There's is nothing inherently tying Yesod to these languages, or the other way around: each can be used independently of the other. This chapter will address these template languages on their own, while the remainder of the book will use them to enhance Yesod application development.
Synopsis
Hamlet (HTML)
!!! <html> <head> <title>#{pageTitle} - My Site <link rel="stylesheet" href=@{Stylesheet} <body> <h1 .page-title>#{pageTitle} <p>Here is a list of your friends: $if null friends <p>Sorry, I lied, you don't have any friends. $else <ul> $forall friend <- friends <li>#{friendName friend} (#{show $ friendAge friend} years old) <footer>^{copyright}
Cassius (CSS)
#myid color: #{red} font-size: #{bodyFontSize} foo bar baz background-image: url(@{MyBackgroundR})
Lucius (CSS)
section.blog { padding: 1em; border: 1px solid #000; h1 { color: #{headingColor}; } }
Julius (Javascript)
$(function(){ $("section.#{sectionClass}").hide(); $("#mybutton").click(function(){document.location = "@{SomeRouteR}";}); ^{addBling} });
Types
Before we jump into syntax, let's take a look at the various types involved. We mentioned in the introduction that types help protect us from XSS attacks. For example, let's say that we have an HTML template that should display someone's name; it might look like this:
<p>Hello, my name is #{name}
What should happen to name, and what should its datatype be? A naive
approach would be to use a Text value, and insert it verbatim. But that would give us quite a
problem when name="<script src='http://nefarious.com/evil.js'></script>"
.
What we want is to be able to entity-encode the name, so that "<" becomes "<".
An equally naive approach is to simply entity-encode every piece of text that gets
embedded. What happens when you have some preexisting HTML generated from another process? For
example, in this book, all Haskell code snippets are run through a colorizing that wraps up words
in appropriate span
tags. If we entity escaped everything, code snippets would
be completely unreadable!
Instead, we have an Html datatype. In order to generate an Html value, we have two options for APIs: the ToHtml typeclass provides a way to convert String and Text values into Html, via its toHtml function, automatically escaping entities along the way. This would be the approach we'd want for the name above. For the code snippet example, we would use the preEscaped family of functions.

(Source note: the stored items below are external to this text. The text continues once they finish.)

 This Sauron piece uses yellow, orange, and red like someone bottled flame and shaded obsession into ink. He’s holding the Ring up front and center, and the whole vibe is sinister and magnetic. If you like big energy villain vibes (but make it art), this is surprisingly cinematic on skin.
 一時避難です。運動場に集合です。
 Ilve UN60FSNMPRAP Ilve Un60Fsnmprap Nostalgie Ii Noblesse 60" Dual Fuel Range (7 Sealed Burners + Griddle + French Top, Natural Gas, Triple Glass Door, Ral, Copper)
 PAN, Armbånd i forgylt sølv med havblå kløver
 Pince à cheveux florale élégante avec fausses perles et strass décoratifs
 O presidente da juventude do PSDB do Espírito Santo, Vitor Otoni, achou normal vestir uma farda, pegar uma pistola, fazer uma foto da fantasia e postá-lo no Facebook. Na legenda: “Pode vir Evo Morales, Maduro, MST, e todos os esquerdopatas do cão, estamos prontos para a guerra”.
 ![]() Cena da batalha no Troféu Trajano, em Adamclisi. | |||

When you use variable interpolation in Hamlet (the HTML Shakespeare language), it automatically
applies a toHtml call to the value inside. So if you interpolate a String, it will be
entity-escaped. But if you provide an Html value, it will appear unmodified. In the code snippet
example, we might interpolate with something like #{preEscapedText
myHaskellHtml}
.
Similarly, we have Css/ToCss, as well as Javascript/ToJavascript. In those cases, the goal is not really security, as it is very uncommon to be interpolating user input to CSS and Javascript. Instead, this just provides some nice compile-time guarantees that we haven't accidently stuck some HTML in our CSS.
Type-safe URLs
One of the biggest unique features in Yesod is type-safe URLs, and the ability to use them conveniently is provided directly by Shakespeare. Usage is very similar to variable interpolation, we just use the at-sign (@) instead. We'll cover the syntax later; first, let's clarify the intuition.

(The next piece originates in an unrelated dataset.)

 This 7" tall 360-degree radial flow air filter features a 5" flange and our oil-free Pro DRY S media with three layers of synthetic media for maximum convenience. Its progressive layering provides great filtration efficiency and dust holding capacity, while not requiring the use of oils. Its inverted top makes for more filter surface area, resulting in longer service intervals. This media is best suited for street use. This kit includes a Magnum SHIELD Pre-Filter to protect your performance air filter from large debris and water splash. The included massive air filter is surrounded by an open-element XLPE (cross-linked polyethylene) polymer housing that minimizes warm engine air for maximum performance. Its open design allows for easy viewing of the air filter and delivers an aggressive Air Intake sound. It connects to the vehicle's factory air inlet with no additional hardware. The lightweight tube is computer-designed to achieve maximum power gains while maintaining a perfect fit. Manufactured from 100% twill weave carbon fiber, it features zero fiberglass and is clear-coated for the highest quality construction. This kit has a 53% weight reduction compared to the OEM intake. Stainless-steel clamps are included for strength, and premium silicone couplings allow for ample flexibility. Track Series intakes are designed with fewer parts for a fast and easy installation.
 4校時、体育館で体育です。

Let's say that we've got an application with two routes:
http://example.com/profile/home
is the homepage, and
http://example.com/display/time
displays the current time. And let's say we
want to link from the homepage to the time. I can think of three different ways of constructing
the URL:
- As a relative link:
../display/time
- As an absolute link, without a domain:
/display/time
- As an absolute link, with a domain:
http://example.com/display/time
There are problems with each approach: the first will break if either URL changes. Also, it's not suitable for all use cases; RSS and Atom feeds, for instance, require absolute URLs. The second is more resilient to change than the first, but still won't be acceptable for RSS and Atom. And while the third works fine for all use cases, you'll need to update every single URL in your application whenever your domain name changes. You think that doesn't happen often? Just wait till you move from your development to staging and finally production server.
But more importantly, there is one huge problem with all approaches: if you change your routes at all, the compiler won't warn you about the broken links. Not to mention that typos can wreak havoc as well.
The goal of type-safe URLs is to let the compiler check things for us as much as possible. In order to facilitate this, our first step must be to move away from plain old text, which the compiler doesn't understand, to some well defined datatypes. For our simple application, let's model our routes with a simple sum type:
data MyRoute = Home | Time
Now instead of placing a link like /display/time in our template, we can just use the Time constructor. But at the end of the day, HTML is made up of text, not data types, so we need some way to convert these values to text. We call this a URL rendering function, and a simple one is:
renderMyRoute :: MyRoute -> Text renderMyRoute Home = "http://example.com/profile/home" renderMyRoute Time = "http://example.com/display/time"
URL rendering functions are actually a bit more complicated than this. They need to address query string parameters, handle records within the constructor, more intelligently handle the domain name. But in practice, you don't need to worry about this, since Yesod will automatically create your render functions. The one thing to point out is that the type signature is actually a little more complicated to handle query strings:
type Query = [(Text, Text)] type Render url :: url -> Query -> Text renderMyRoute :: Render MyRoute renderMyRoute Home _ = ...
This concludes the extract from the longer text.